Genomics research toolkit for jointly embedding Hi-C 3D chromatin contact matrices into the same vector space
Project description
Jointly-HiC
Welcome to jointly-hic, a Python tool for jointly embedding Hi-C 3D chromatin contact matrices into the same vector space.
This toolkit is designed to help you analyze multi-sample Hi-C datasets efficiently and integrate epigenetic data (ATAC-seq, RNA-seq, ChIP-seq) effectively.
Table of Contents
Introduction
The three-dimensional organization of the genome plays a critical role in regulating gene expression and establishing cell identity. Hi-C and related chromosome conformation capture technologies have enabled genome-wide profiling of chromatin contacts, revealing compartmental domains and long-range interactions that orchestrate regulatory programs across development and disease. However, as the scale and diversity of Hi-C datasets grow—from tissue atlases to time courses and in vitro differentiation models—there remains a lack of computational tools that can integrate dozens to hundreds of Hi-C experiments into a unified analytical space while preserving biological signal and enabling comparative analyses.
Jointly-HiC is a scalable, Python-based toolkit for the joint analysis of Hi-C data across many biosamples. It enables efficient pre-processing, fixed-memory joint decomposition using incremental principal component analysis (PCA), singular value decomposition (SVD), or non-negative matrix factorization (NMF), and downstream clustering and visualization. Designed with scalability and interpretability in mind, jointly-hic extracts low-dimensional embeddings that can be used to identify shared and sample-specific chromatin interaction profiles across conditions, cell types, and developmental stages. By operating in a mini-batched fashion, it avoids the memory constraints of traditional matrix factorization techniques, making it suitable for large-scale studies such as tissue atlases or differentiation trajectories.

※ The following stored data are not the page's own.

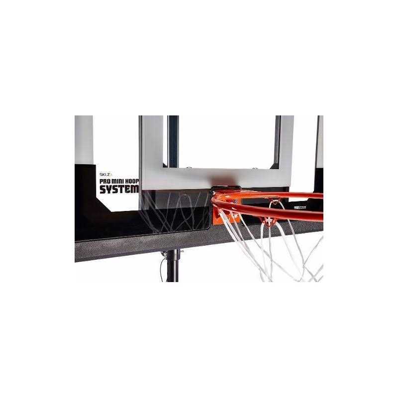 The SKLZ Pro Mini Basketball Hoop System is perfect for a little 1-on-1, or to practice your three-pointers. This system will grow with your athlete due to the adjustable pole height, from 3.5 ft. to 7 ft. With a shatterproof backboard, and ultra durable, 8-loop net, it can handle intense shots from powerful players and the rough and tumble play of kids. Set this up for some poolside fun, or for your strong athletes for a more competitive game. This mini basketball system is perfect for indoor or outdoor use and will keep you active all year round. As your athlete grows, your basketball system can too. This professional grade mini basketball system with a breakaway rim allows for layups, bank shots, and more. You can be sure that your fun will last, with easy and quick set up. The SKLZ Pro Mini Basketball Hoop System includes a 33” x 23” clear polycarbonate backboard, an adjustable steel pole, and a weighted mobile base on wheels. It includes a 7” Mini rubber basketball and a 14.5” breakaway rim for ultimate fun. Set up and start shooting today.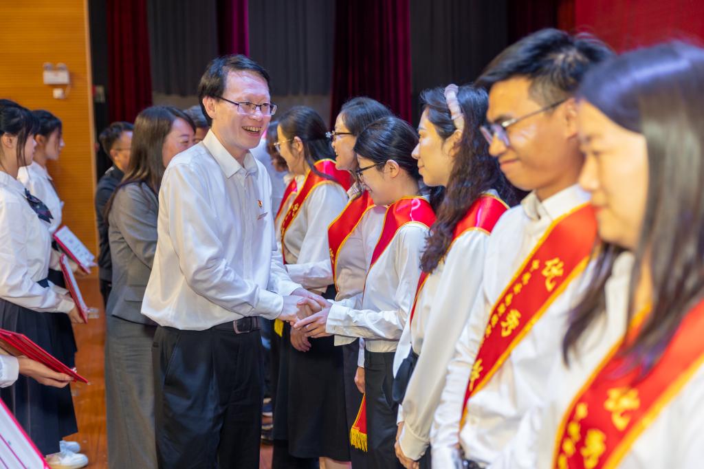 表彰会上,师生欢聚一堂,通过合唱、诗歌朗诵、舞蹈、情景剧等表演形式展示了云财职师生昂扬向上、锐意进取的精神风貌,体现了学校师生团结、温馨、和谐的校园氛围,表达了全校师生对新时代的赞美,对伟大祖国的美好祝福。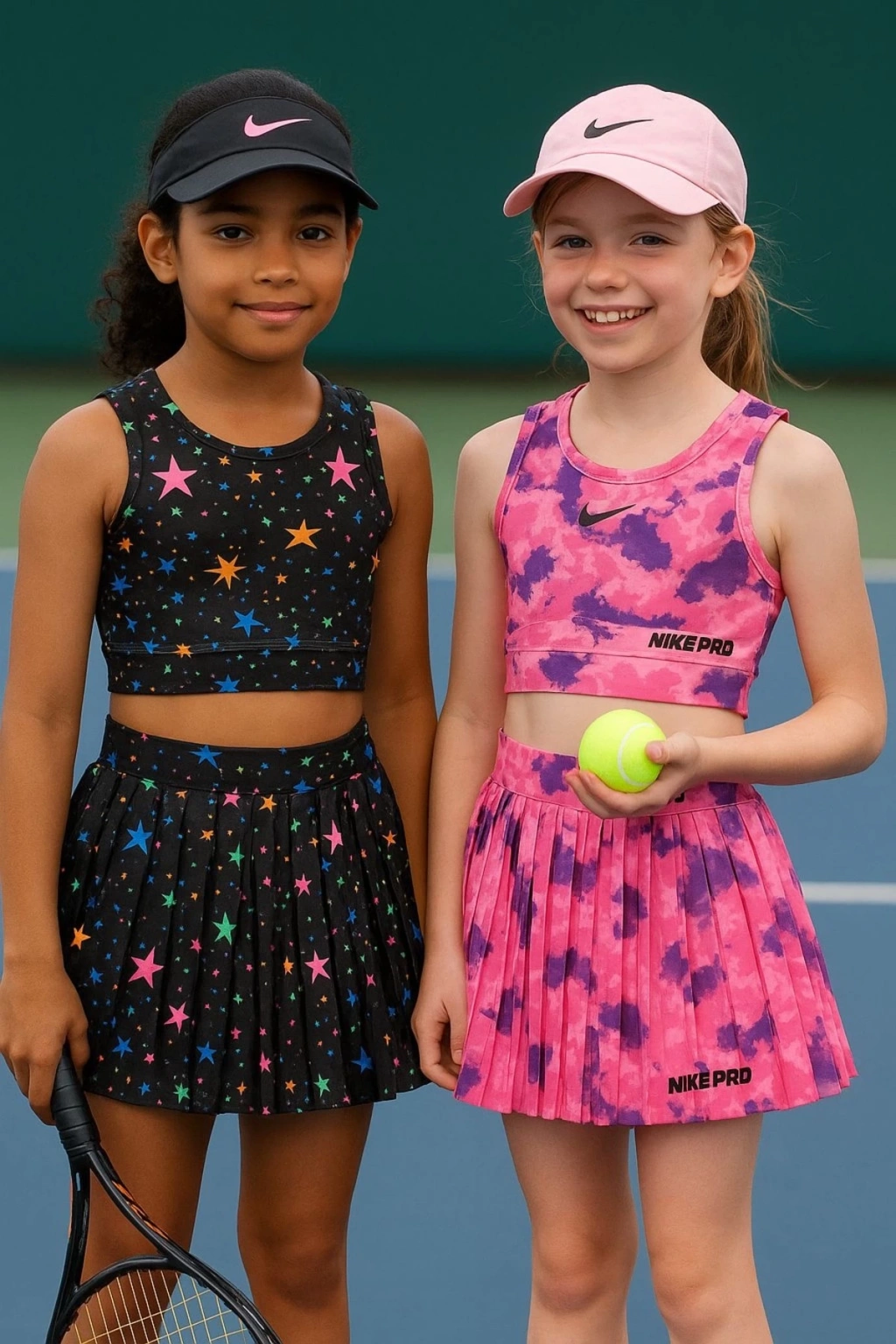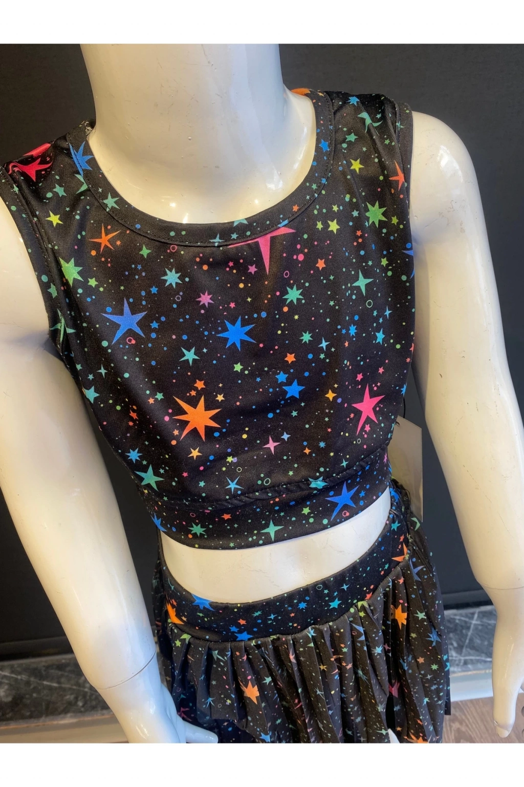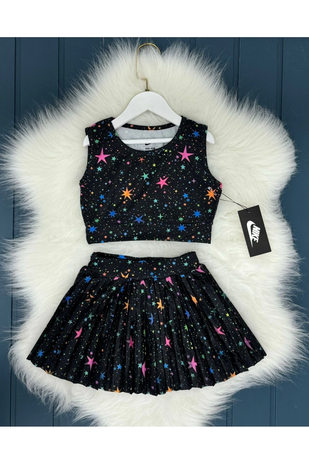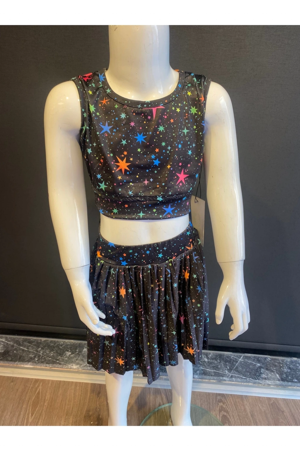 Kız çocuk günlük crop yıldız desen siyah şortlu etek boxer canlı renkler spor crop alt üst takım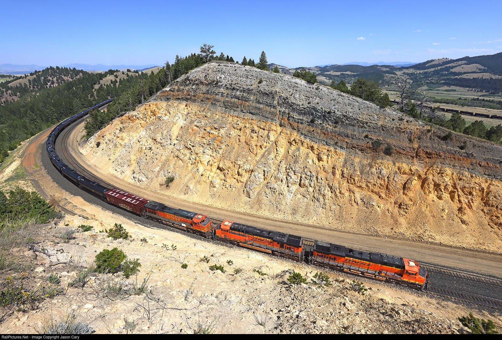 A BNSF oil train rounds the 10 degree curve and climbs the 2.2% grade at Iron ridge on Mullan Pass. The train is bound for Pacific Coast refineries and acts as a pipeline as there is little, to no, pipeline capacity from North Dakota to the Pacific Northwest. The coastal refineries were historically served by Alaska and International Crude oil. The new shale deposits have changed the transport of crude oil dramatically in many locations. The rainbow of minerals in the rock inside the cut is what built Montana. Gold and Copper from rock like this was mined and sent to local smelters. The ore then forged gold bullion and built the modern copper infrastructure we have today.

In addition to providing core Hi-C analysis workflows, jointly-hic integrates seamlessly with other epigenomic data through the optional JointDb module, a compressed HDF5 database format supporting ChIP-seq, RNA-seq, and ATAC-seq signal tracks at the same resolution. This unified framework enables users to analyze compartmentalization dynamics, correlate chromatin interactions with regulatory activity, and discover structural genome features such as nuclear speckle-associated regions or heterochromatic domains. With jointly-hic, researchers can uncover patterns of 3D genome organization at scale, shedding light on the structural underpinnings of gene regulation and chromatin state transitions across biological contexts.
Installation
Python version 3.10 or higher is required. jointly-hic can be installed via pip. A pre-built docker image is available on GHRC. The package can also be installed from source.
Install from PyPI
# Requires python version >= 3.10
pip install jointly-hic
Run with Docker
docker pull ghcr.io/abdenlab/jointly-hic
Install from source (for development)
git clone https://github.com/abdenlab/jointly-hic.git
cd jointly-hic
python3 -m venv venv
source venv/bin/activate
pip install -e '.[dev,notebook]'
Usage
You can run jointly from the command line to embed, post-process, analyze trajectories, or create metadata and databases from Hi-C matrices.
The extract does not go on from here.